◆ Data listing
++++++++++++++++++++

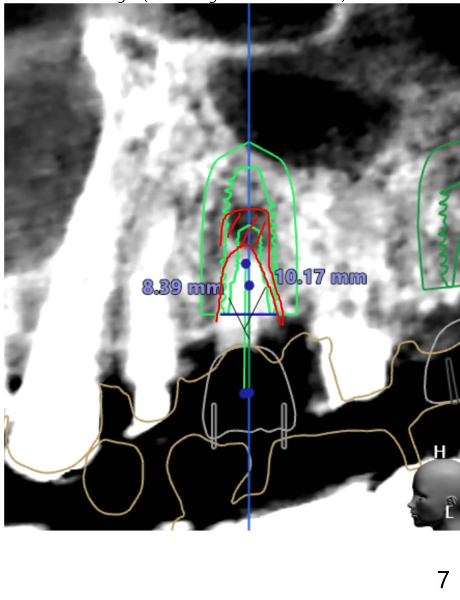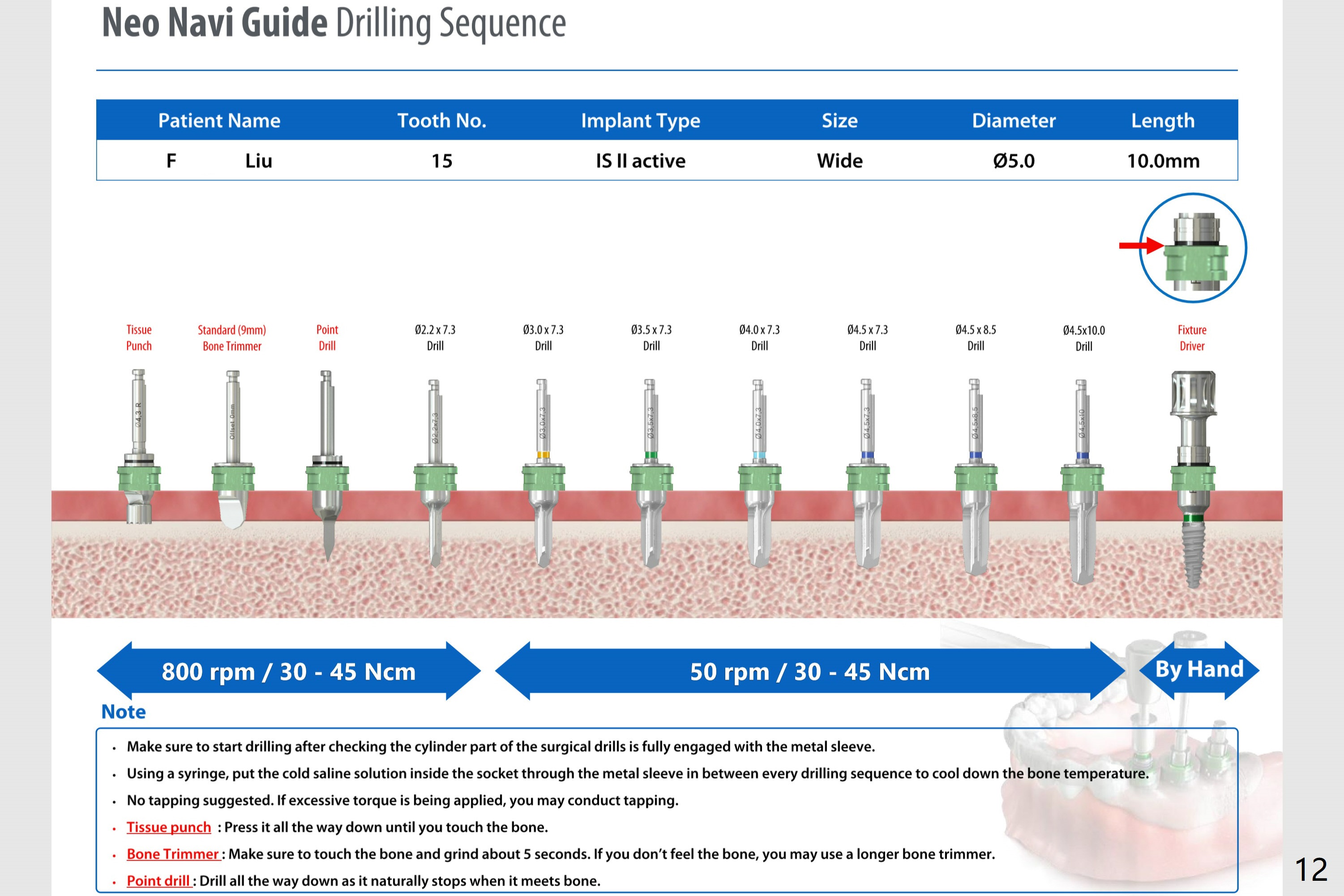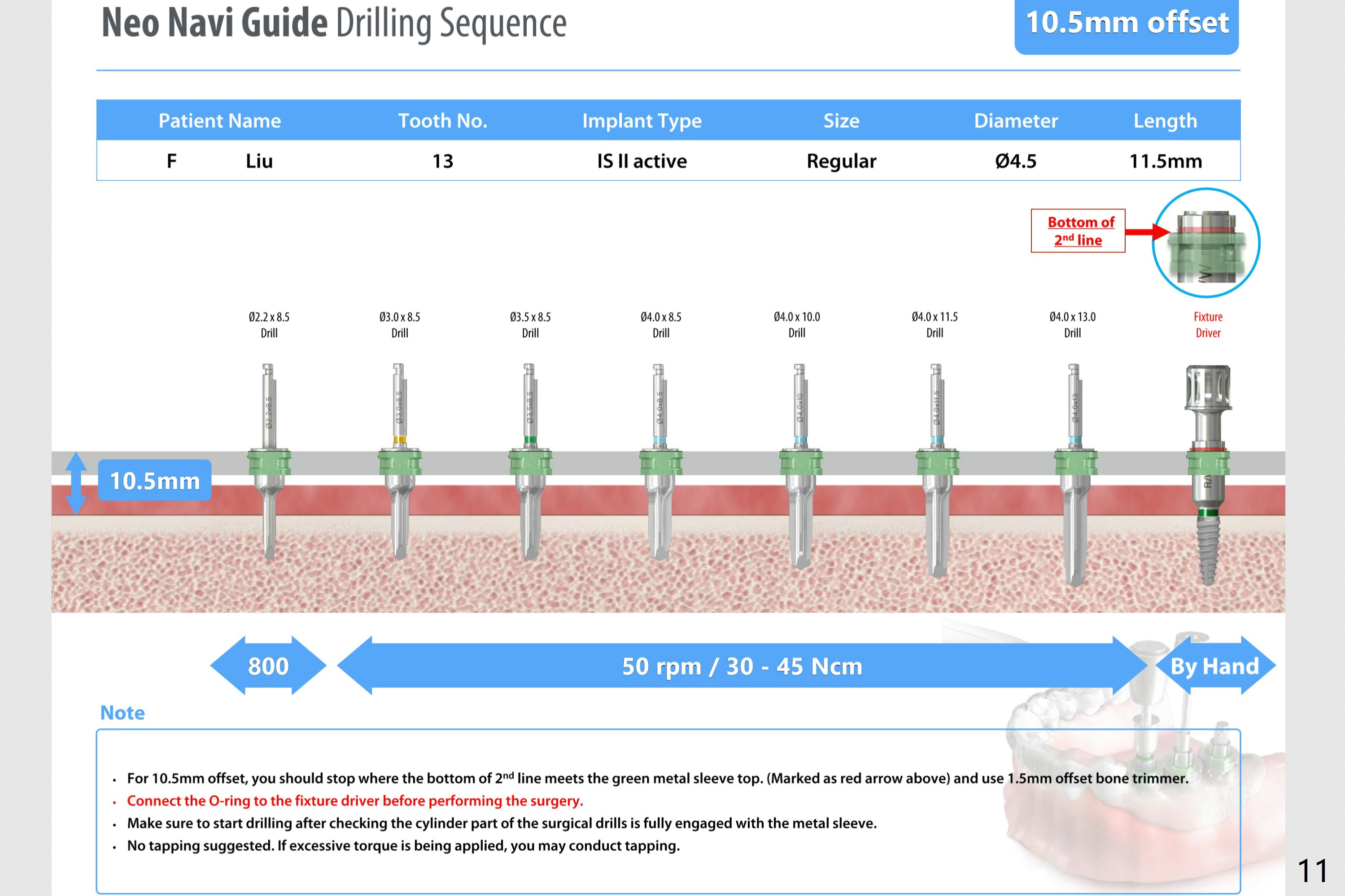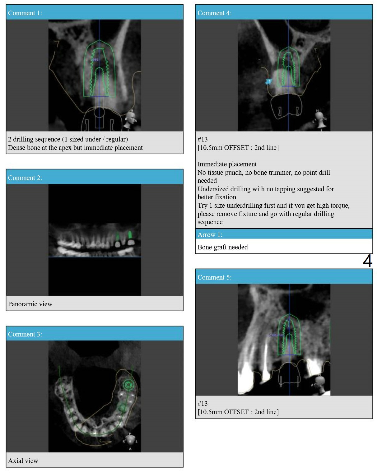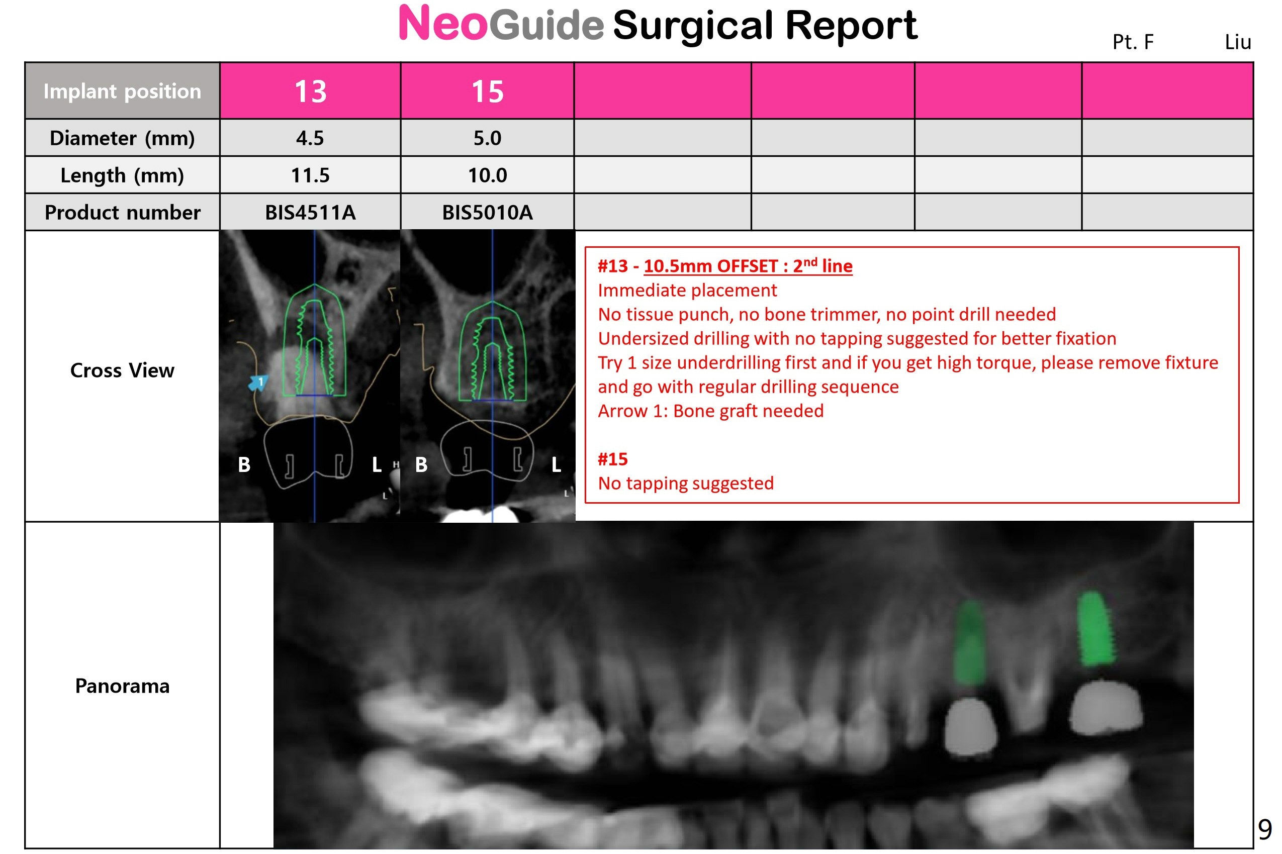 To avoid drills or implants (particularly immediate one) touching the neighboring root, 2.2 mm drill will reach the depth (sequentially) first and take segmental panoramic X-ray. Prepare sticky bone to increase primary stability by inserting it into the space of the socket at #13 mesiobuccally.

++++++++++++++++++++

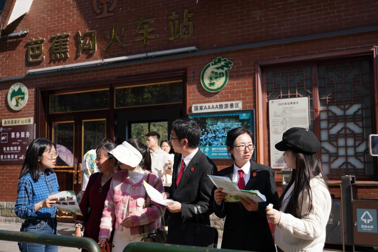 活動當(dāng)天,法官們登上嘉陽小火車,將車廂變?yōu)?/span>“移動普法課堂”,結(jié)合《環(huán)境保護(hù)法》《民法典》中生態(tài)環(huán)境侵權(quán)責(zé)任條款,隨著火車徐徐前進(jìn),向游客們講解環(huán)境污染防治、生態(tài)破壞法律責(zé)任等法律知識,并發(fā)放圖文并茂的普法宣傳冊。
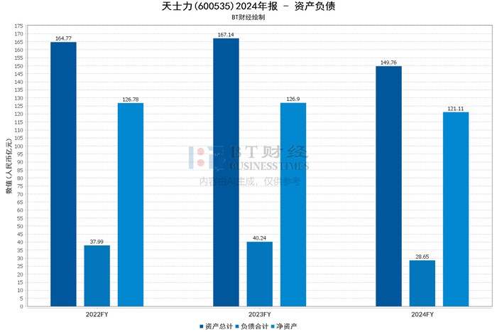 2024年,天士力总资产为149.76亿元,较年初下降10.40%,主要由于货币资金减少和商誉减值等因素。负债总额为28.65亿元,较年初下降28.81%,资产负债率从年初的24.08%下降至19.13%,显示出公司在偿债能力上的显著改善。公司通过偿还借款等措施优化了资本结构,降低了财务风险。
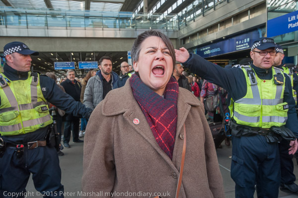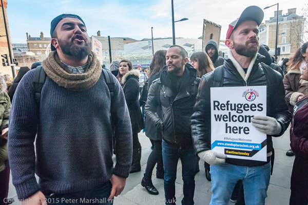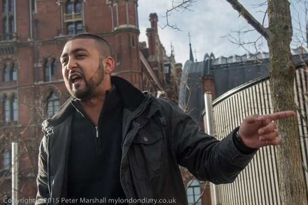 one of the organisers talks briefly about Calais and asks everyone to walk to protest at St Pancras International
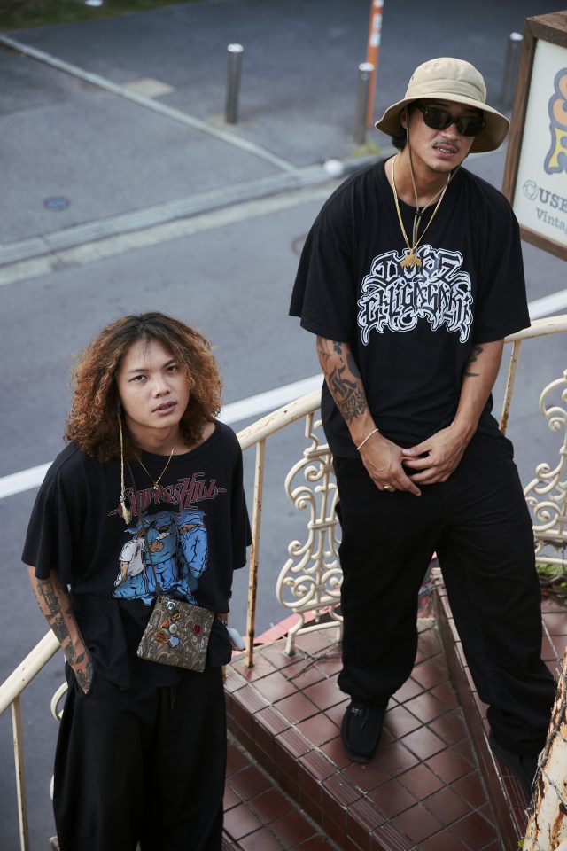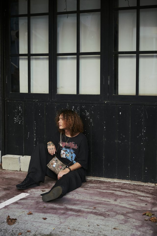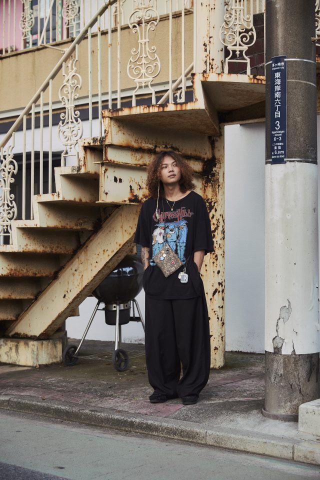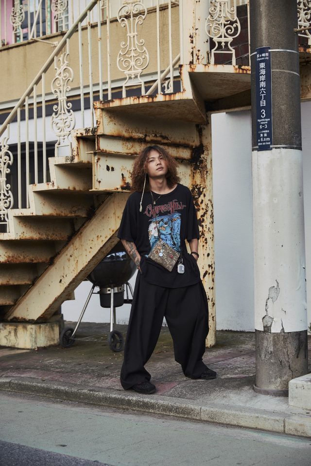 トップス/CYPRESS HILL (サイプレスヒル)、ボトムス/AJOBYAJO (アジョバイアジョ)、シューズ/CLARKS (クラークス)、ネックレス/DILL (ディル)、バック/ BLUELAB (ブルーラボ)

++++++++++++++++++++

◆ About this task
From the records above, quote word for word only the lines beginning at the line that has "活動當(dāng)天,法官們" and stopping after the line that has "2024年,天士力总资产为1". Omit the pictures.

◆ Solved problem
 活動當(dāng)天,法官們登上嘉陽小火車,將車廂變?yōu)?/span>“移動普法課堂”,結(jié)合《環(huán)境保護(hù)法》《民法典》中生態(tài)環(huán)境侵權(quán)責(zé)任條款,隨著火車徐徐前進(jìn),向游客們講解環(huán)境污染防治、生態(tài)破壞法律責(zé)任等法律知識,并發(fā)放圖文并茂的普法宣傳冊。
 2024年,天士力总资产为149.76亿元,较年初下降10.40%,主要由于货币资金减少和商誉减值等因素。负债总额为28.65亿元,较年初下降28.81%,资产负债率从年初的24.08%下降至19.13%,显示出公司在偿债能力上的显著改善。公司通过偿还借款等措施优化了资本结构,降低了财务风险。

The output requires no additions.